C. Calculation of vectorial acceleration. This is done by differentiating the
vectorial frequency information. The delta-t value can be user controlled via
the .dtacc parameter. Larger values lead to better resolution at the detriment
of responsivenes. The results are returned in .xac(), .yac(), .zac() the scaling
being independent from the setting for .dtacc.
This callback function updates the parameter fields in the Doppler structure
256 times a second. This is the first level of processing of the movement data.
It yields information on the moving body surface as well as a first approximation
of speed.
Performing FFT's on the data buffers from within the same callback is impossible,
even on a quad core PC. Therefore the spectral analysis of the data must be
performed as a different thread. The shape of the spectrum (the distribution
of the frequency bands) reflects the characteristics of the gestures very well.
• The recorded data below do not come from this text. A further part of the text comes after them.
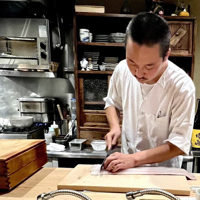 食堂おがわにいらしたご主人の営むカウンター割烹。京都はこの手のお店色々ありますがとっても美味しい良いお店でした。1つ1つがしっかり手が入れられて最高でした。秋刀魚のきも焼きも松茸のフライもだし巻きも最...
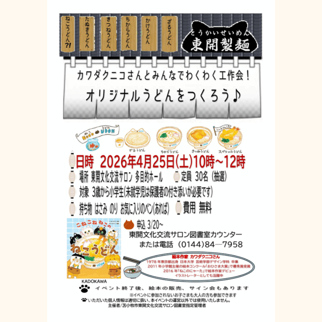 【4月のイベント】カワダクニコさんとみんなでわくわく工作会!オリジナルうどんをつくろう♪
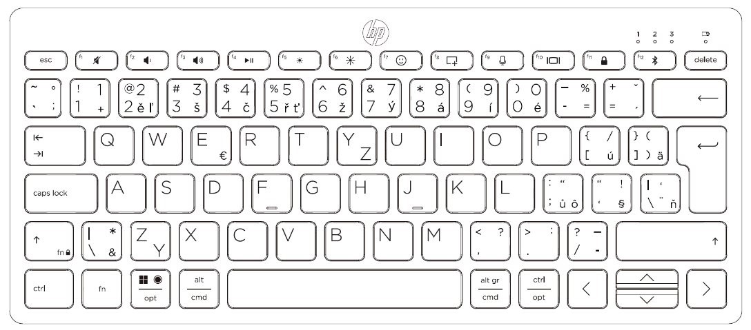 HP 350 Kompaktní klávesnice Bluetooth pro více zařízení (692S8AA) Nepíše se vám lépe na externí klávesnici? Tato bezdrátová klávesnice kombinuje produktivitu stolního počítače s kompaktní přenosností, ať jste kdekoli, díky funkcím, jako je Bluetooth 5.2, multipárování a klávesové zkratky. Vezměte si ji s sebou kamkoli, abyste si užili uspokojivý zážitek z psaní, který vám zůstane. Kompatibilita: Kompatibilní s počítači s připojením Bluetooth Barva: černá Hmotnost: 0,34 kg Rozměry: 282.1 x 121.8 x 16 mm Obsah balení: *Bezdrátová klávesnice; *2 x baterie AAA; *Stručný návod k použití; *Záruční list; *R.E.D. karta (pouze EMEA) Záruka: 1 rok pro IČ a 2 roky spotřebitel
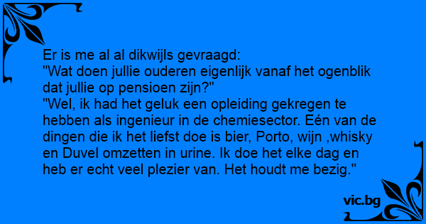 "Wel, ik had het geluk een opleiding gekregen te hebben als ingenieur in de chemiesector. Eén van de dingen die ik het liefst doe is bier, Porto, wijn ,whisky en Duvel omzetten in urinе. Ik doe het elke dag en heb er echt veel plezier van. Het houdt me bezig."
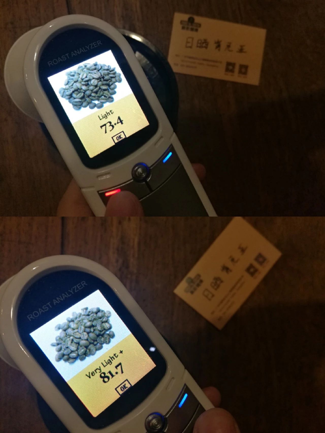 Agtron bean color value 73.4 (above image), Agtron ground color value 81.7 (below image), Roast Delta value is 8.3.
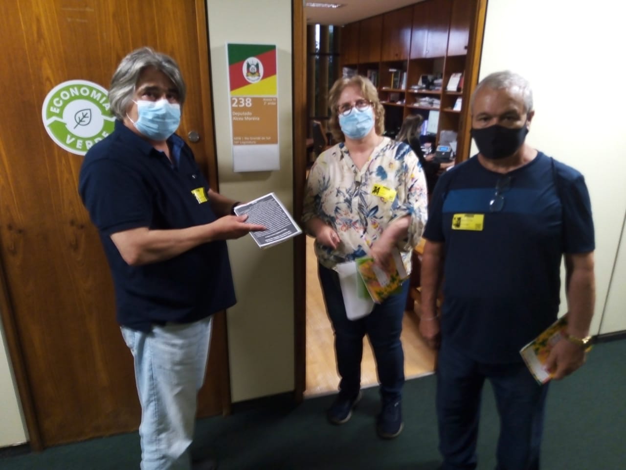 Foto:Integrantes da Comitiva da Assufsm em Brasília panfletando nos gabinetes dos e das Deputadas Gaúchas
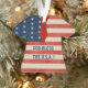 Un laide de Noël ? Pas tout à fait, mais les Patriots américains de toutes les formes, tailles, couleurs et persuasions aimeront CET ornement spécial en forme de T-shirt acrylique pour le drapeau et message américain ("Dieu bénisse les Etats-Unis") sur le devant & message personnalisé sur le dos! Accrochez-vous à l'arbre de Noël, utilisez-le pour le ventilateur ou la légère traction, ou pour n'importe quel endroit où vos jus de fruits créatifs mènent.
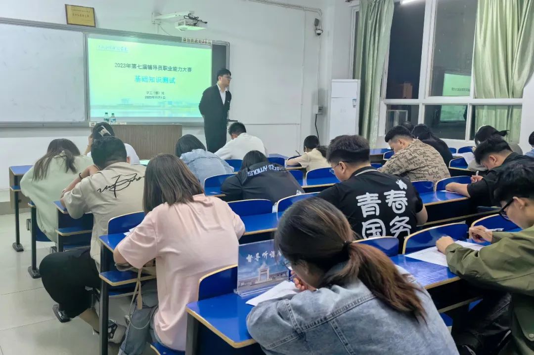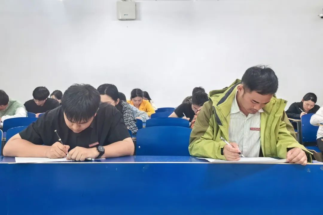 本次笔试为基础知识测试,采取闭卷作答方式,限时90分钟,由单选题、不定项选题、简答题、对策分析题等多种题型组成。测试内容涵盖习近平新时代中国特色社会主义思想、党的二十大精神、学生管理规定、辅导员队伍建设管理规定、高校思想政治工作指导意见、学生党建工作标准等方面内容,重点考察辅导员的理论素养和业务知识。参赛辅导员高度重视,自觉遵守考场纪律,集中存放手机,认真思考、沉着应考,考场秩序井然,充分展示了我校辅导员队伍扎实的理论功底和良好的精神风貌。

This can be demonstrated convincingly by mapping the output of the transform
on the keys of a piano, whereby the power of each frequency band is mapped on
the velocity of the attack for each key.
The complete structure as declared in the software is:
TYPE DopplerType DWORD ' for ii_20xx with NiDAQmx xa AS SINGLE ' reflection amplitudes for the x-vector ya AS SINGLE ' idem for y-vector za AS SINGLE ' idem for z-vector xf AS SINGLE ' doppler frequency shift density for the x-vector yf AS SINGLE zf AS SINGLE xac AS SINGLE ' acceleration for the x-vector yac AS SINGLE zac AS SINGLE pxfast AS DOUBLE PTR ' pointer to the x-vector data(0). Most recent data are in data(255) 250 ms buffer 1024 S/s pyfast AS DOUBLE PTR pzfast AS DOUBLE PTR pxm AS DOUBLE PTR ' 1s buffer, sampling rate 256 S/s pym AS DOUBLE PTR pzm AS DOUBLE PTR pxslow AS DOUBLE PTR ' 4s buffer, sampling rate 64 S/s pyslow AS DOUBLE PTR pzslow AS DOUBLE PTR pxfbuf AS SINGLE PTR ' 64 values for the frequency measurement, used for calculation of acceleration pyfbuf AS SINGLE PTR ' sampling rate: 256 S/s pzfbuf AS SINGLE PTR ' most recent data in data(63) dtacc AS WORD ' dt for acceleration derivation. Valid values: 1-63. Do not exceed range! dta AS WORD ' amplitude integration depth (0-255) noise AS SINGLE ' noise level threshold (1E-3, default, for 60 dB signal noise ratio) hpf AS WORD ' high pass filter differentiation depth END TYPE
2. Gesture recognition
Although the callback function described above already performs quite some data
processing and allows us to get elementary information on the movement of the
body, it is not capable to perform gesture recognition. Hence the next steps.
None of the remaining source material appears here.